Start of Provided data

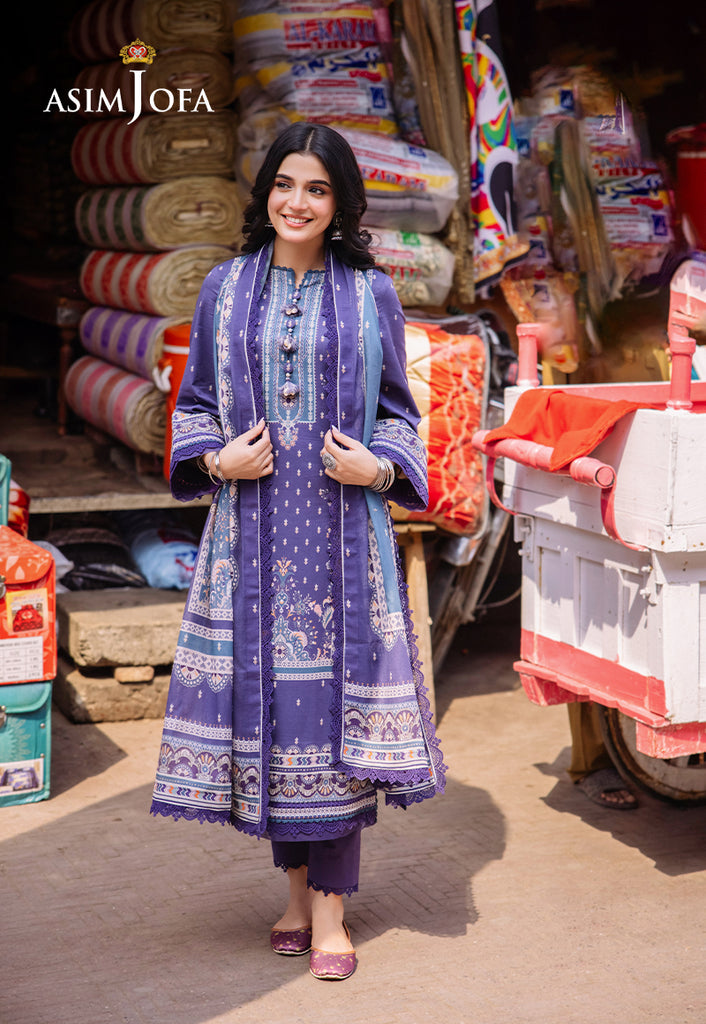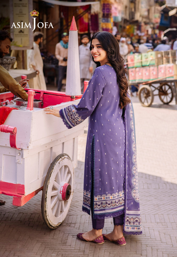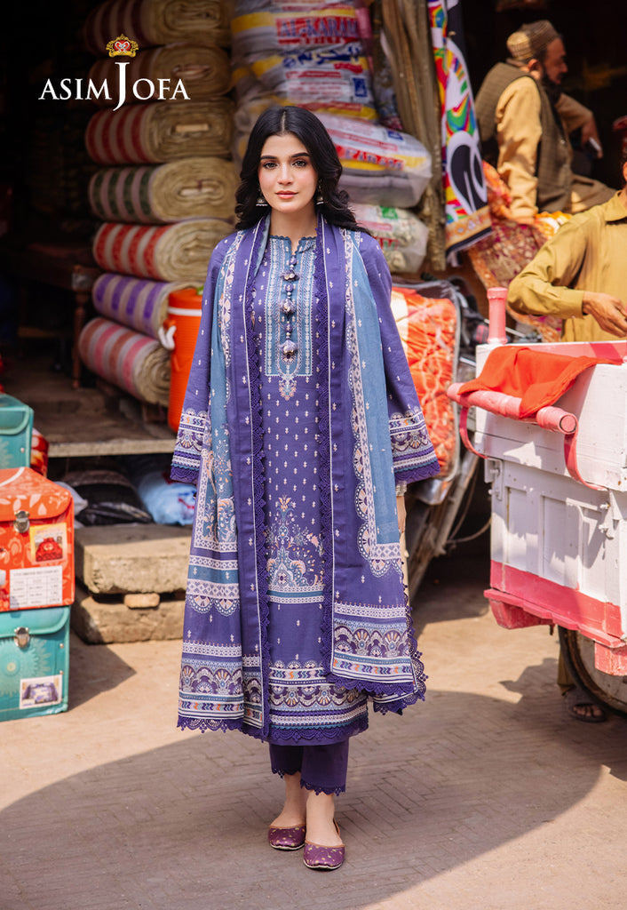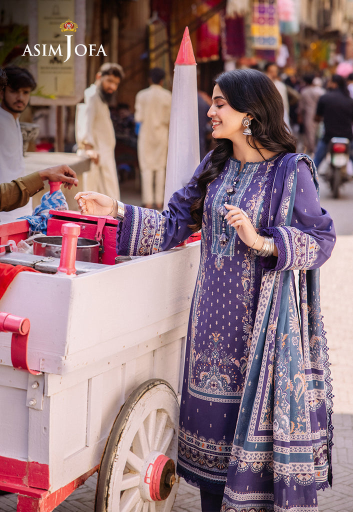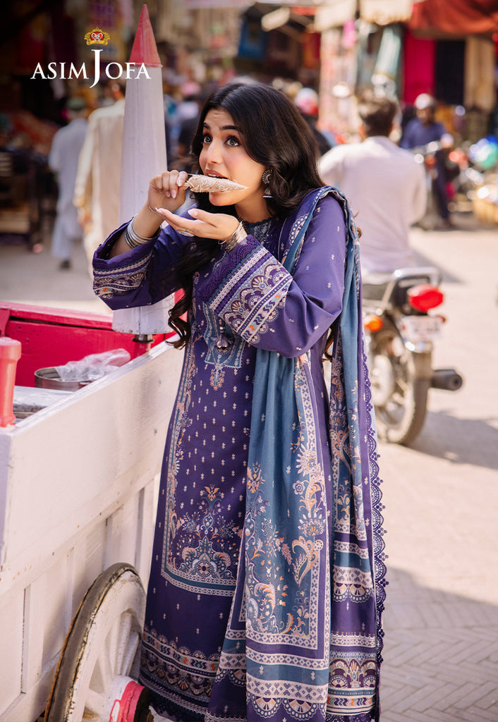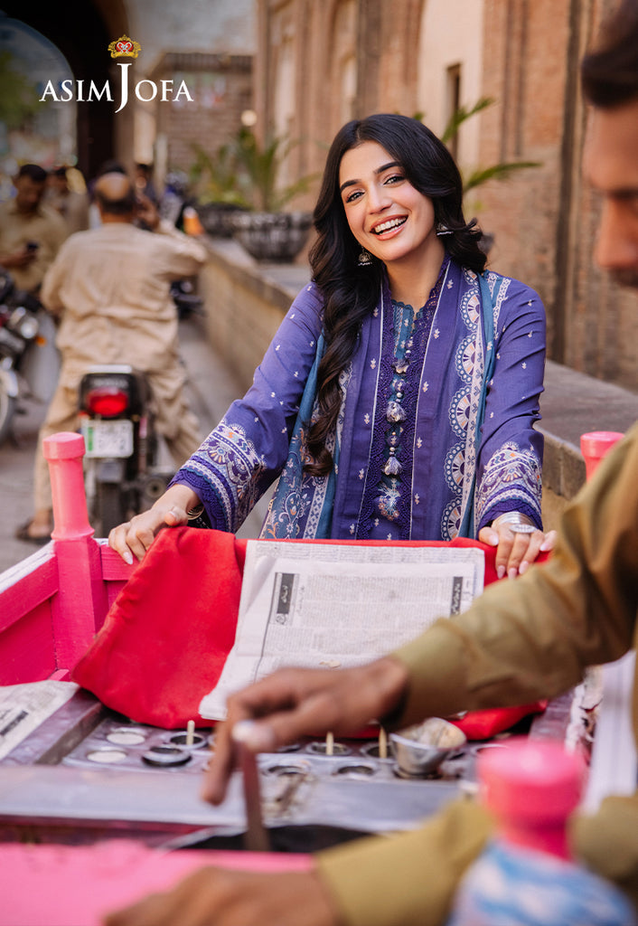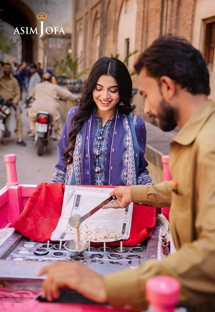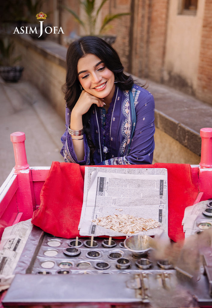 Revel in the splendor of Asim Jofa’s Basic Print Collection with this exquisite three-piece ensemble. The lawn shirt is a canvas of purplish blue is adorned with white and multicolored motifs that echo the lively spirits. The dupatta drapes elegantly capturing the essence of desi charm. This outfit is a celebration of everyday wear making fashion boundless and grace everything.
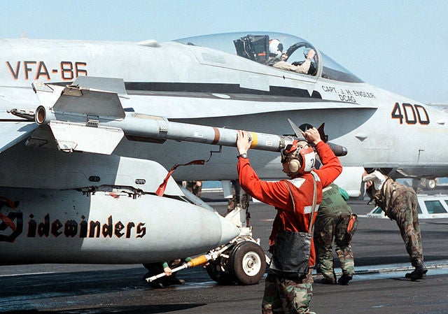 Image: Raytheon’s Sidewinder missile being equipped onto an aircraft stationed aboard an aircraft carrier. Photo: DoD photo by petty officer 3rd class Brian Fleske, US Navy.
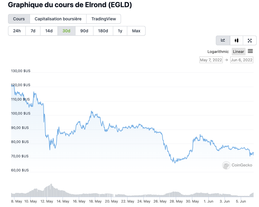 EGLD reste en baisse, passant d’environ 75 dollars à 21h00 UTC à 72,30 dollars.

End of Provided data

### What is expected
Copy the listing above verbatim, leaving out pictures.

### Completed exercise
 Revel in the splendor of Asim Jofa’s Basic Print Collection with this exquisite three-piece ensemble. The lawn shirt is a canvas of purplish blue is adorned with white and multicolored motifs that echo the lively spirits. The dupatta drapes elegantly capturing the essence of desi charm. This outfit is a celebration of everyday wear making fashion boundless and grace everything.
 Image: Raytheon’s Sidewinder missile being equipped onto an aircraft stationed aboard an aircraft carrier. Photo: DoD photo by petty officer 3rd class Brian Fleske, US Navy.
 EGLD reste en baisse, passant d’environ 75 dollars à 21h00 UTC à 72,30 dollars.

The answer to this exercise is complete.